Description of the task >> Output the data in full. Keep every word exact and exclude the pictures.

Data segment >>
▽

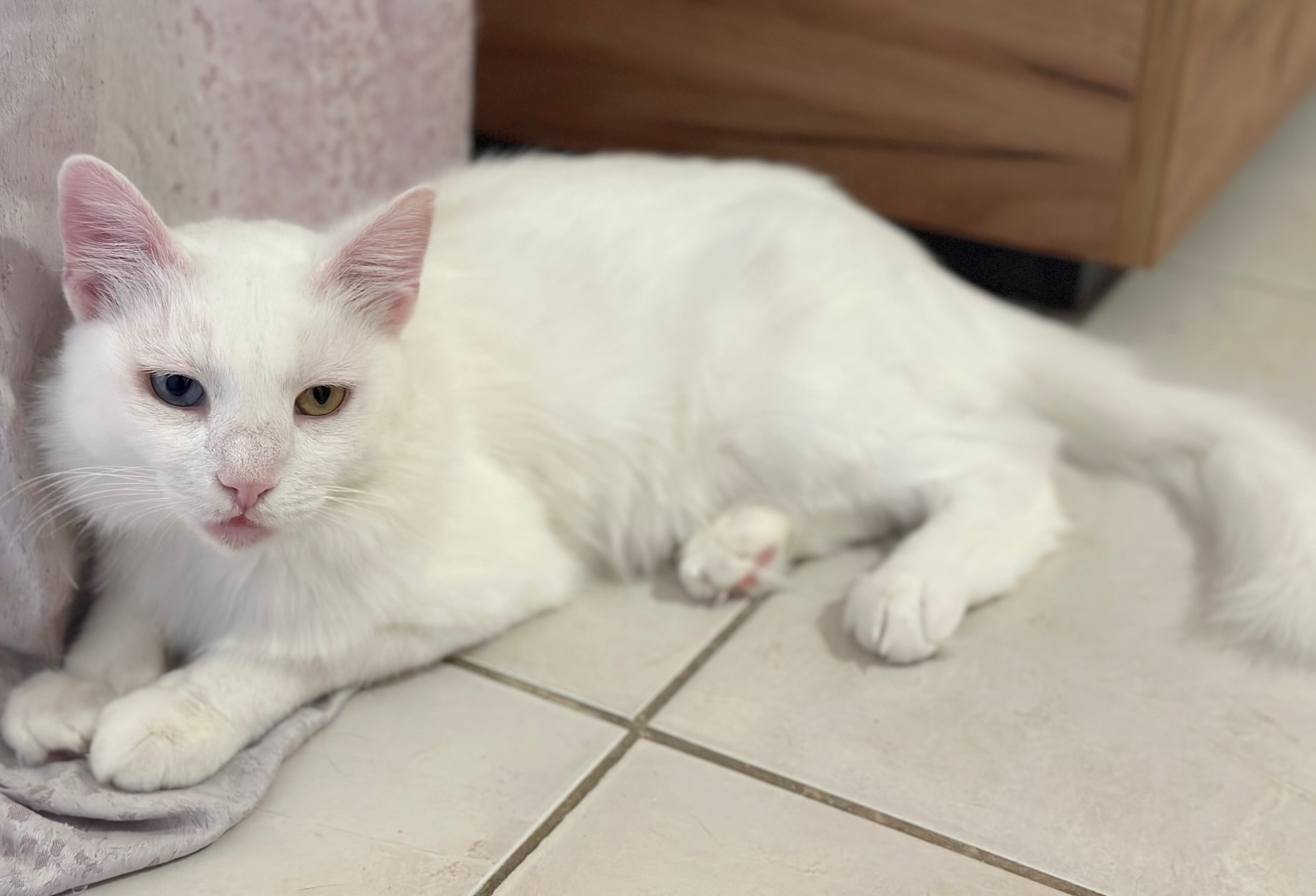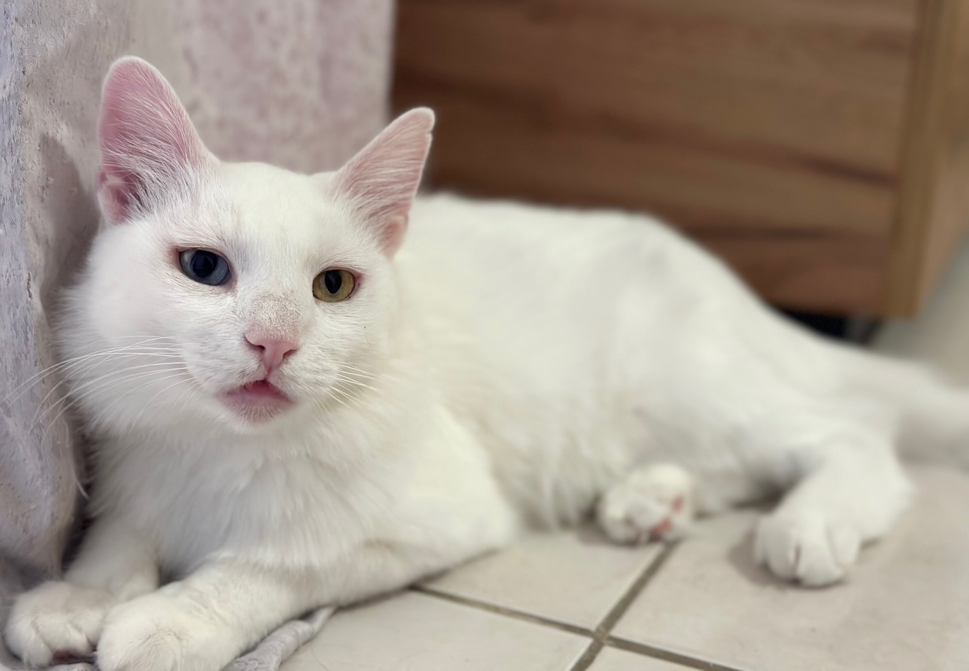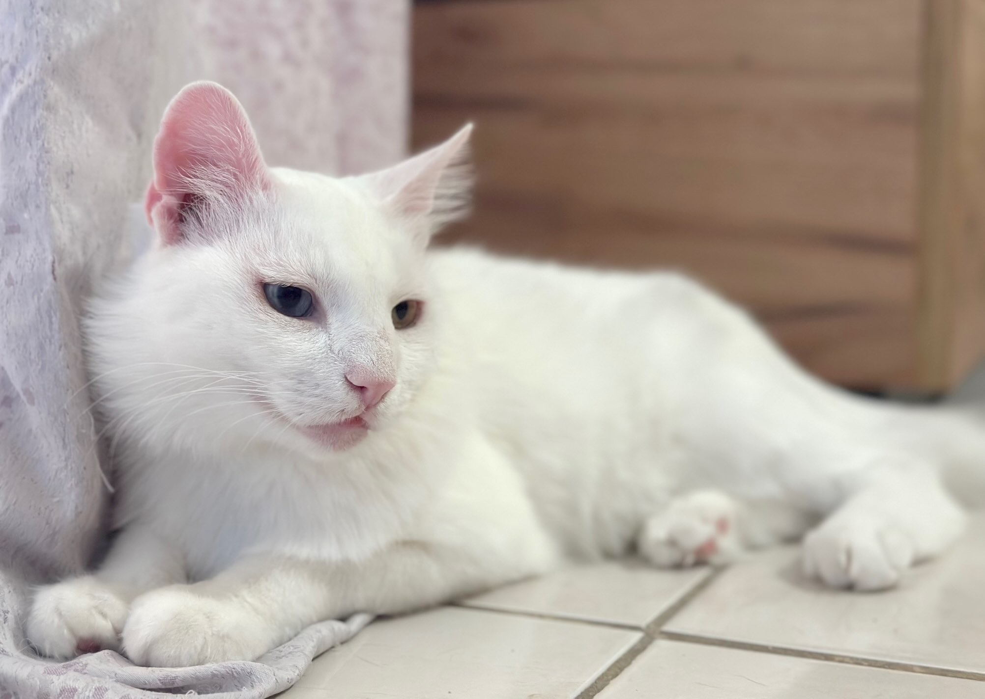 Kattenkenners weten dat witte katten vaak doof zijn, maar daar heeft deze prachtige dame geen last van.
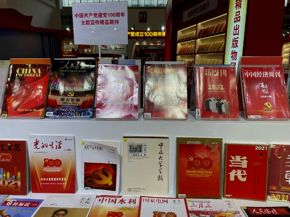 《中山大學(xué)學(xué)報》(社會科學(xué)版)在2021北京圖博會“精品期刊”展臺(來源:期刊管理中心)
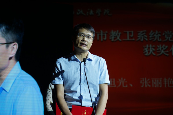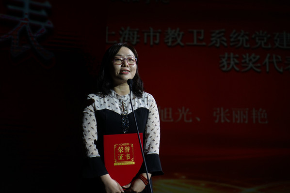 第二届上海高校青年教师竞赛获奖人周秋君宣读市教卫系统党建、工会类奖项颁奖词,获奖代表分别是马克思主义学院刘旭光(第三届上海高校青年教师教学竞赛决赛思想政治理论课三等奖)、警务学院储德峰(教卫工作党委系统“党支部建设示范点”)、马克思主义学院徐俊峰(教卫工作党委党建研究课题)、保卫处马洪亮(教卫工作党委党建研究课题)、国际事务与公共管理学院张丽艳(教卫工作党委系统“十佳主题党日”案例)、经济法学院叶卉(统战研究课题)。校党委副书记、纪委书记潘牧天与周秋君共同为获奖人颁奖。刘旭光致获奖感言,感慨教书育人给自己带了很多的成就感,课堂上学生会心的一笑都会让自己回味许久,今后将勤勉工作,牢记教书育人使命。张丽艳分享了国际事务与公共管理学院党建项目的特色,表示将继续坚持“两学一做”,做到“一个学生一面旗”,充分发挥党员先锋模范作用。

△

Exercise response >>
 Kattenkenners weten dat witte katten vaak doof zijn, maar daar heeft deze prachtige dame geen last van.
 《中山大學(xué)學(xué)報》(社會科學(xué)版)在2021北京圖博會“精品期刊”展臺(來源:期刊管理中心)
 第二届上海高校青年教师竞赛获奖人周秋君宣读市教卫系统党建、工会类奖项颁奖词,获奖代表分别是马克思主义学院刘旭光(第三届上海高校青年教师教学竞赛决赛思想政治理论课三等奖)、警务学院储德峰(教卫工作党委系统“党支部建设示范点”)、马克思主义学院徐俊峰(教卫工作党委党建研究课题)、保卫处马洪亮(教卫工作党委党建研究课题)、国际事务与公共管理学院张丽艳(教卫工作党委系统“十佳主题党日”案例)、经济法学院叶卉(统战研究课题)。校党委副书记、纪委书记潘牧天与周秋君共同为获奖人颁奖。刘旭光致获奖感言,感慨教书育人给自己带了很多的成就感,课堂上学生会心的一笑都会让自己回味许久,今后将勤勉工作,牢记教书育人使命。张丽艳分享了国际事务与公共管理学院党建项目的特色,表示将继续坚持“两学一做”,做到“一个学生一面旗”,充分发挥党员先锋模范作用。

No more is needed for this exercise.